Classic Stage Company presents a play about a wise Jewish merchant (F. Murray Abraham) who tries to bridge the gaps between Judaism, Islam, and Christianity in 12th century Jerusalem. More…
Muslims, Christians, and Jews live side-by-side in Jerusalem, 1192, but their fragile truce could collapse at any moment. As the tension mounts, the ruling Sultan poses a loaded question: 'Which religion is the one most beloved by God?' Nathan, a pious Jewish merchant, is charged with answering this query in order to secure the continued safety of his people. Oscar winner F. Murray Abraham plays Nathan the Wise, perhaps the greatest Jewish character in all of Western dramatic literature next to Shylock.
See it if have an interest in great storytelling. A truly interesting story told in a beautiful way. 1700s with so much resonance in today's world.
Don't see it if you need something fluffy to eat. This play starts off slow, but sucks you in thereafter. It requires and demands your attention.

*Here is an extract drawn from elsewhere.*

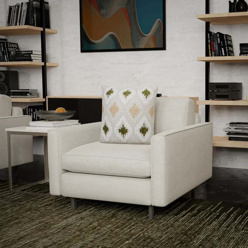 The light texture of this cotton canvas pillow is the perfect background for this wonderfully executed embroidery patterning. Ikat designs in two shades of blue with alternating patterning around the blues in soft ivory on the natural background give this pillow a timeless and classic appeal. Knife edged, this pillow features a coordinating solid cotton back with a hidden zipper closure.

See it if You are more interested in the one true religion in 12th century Jerusalem than in good dialog, believable characters and plotting.

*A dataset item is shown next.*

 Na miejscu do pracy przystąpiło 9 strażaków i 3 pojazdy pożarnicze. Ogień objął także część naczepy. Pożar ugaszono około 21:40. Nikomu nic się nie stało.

Don't see it if You're not that interested in the philosophical issues and don't want to sit through one of the longest, most convoluted recognition scenes.
See it if you are willing to think about religions in a new light; enjoy great acting, wonderful and clever minimal staging and a good story.
Don't see it if Don't want to think, don't like parables, can't abandon yourself to the fantastic story being told.
See it if only for F. Murray Abraham's performance. 1700's play that is profoundly relevant today. Clever directing..delightful thought provoking show
Don't see it if You only like big splashy musicals. Otherwise...see it! (went to an early preview; very diverse audience, standing ovation).
See it if You want to see a great production of a classic German play you should know but have never heard of, which has huge contemporary relevance.
Don't see it if You'll be okay missing a fantastic performance by F. Murray Abraham and Brian Kulick's last show as artistic director of the CSC.
See it if you are interested in an entertaining exploration of which of the 3 great religions is the true one. It is wholly accessible, satisfying.
Don't see it if you are not interested in those who do not believe what you do, or you do not like the way Shakespeare resolves his late romances.
See it if F. Murray Abraham's performance alone is worth the ticket price. Great chance to see a rarely-staged classic in an intimate venue.
Don't see it if It's a classic play about religious characters discussing religion, so take that for what it is. Modern translation sometimes distracted.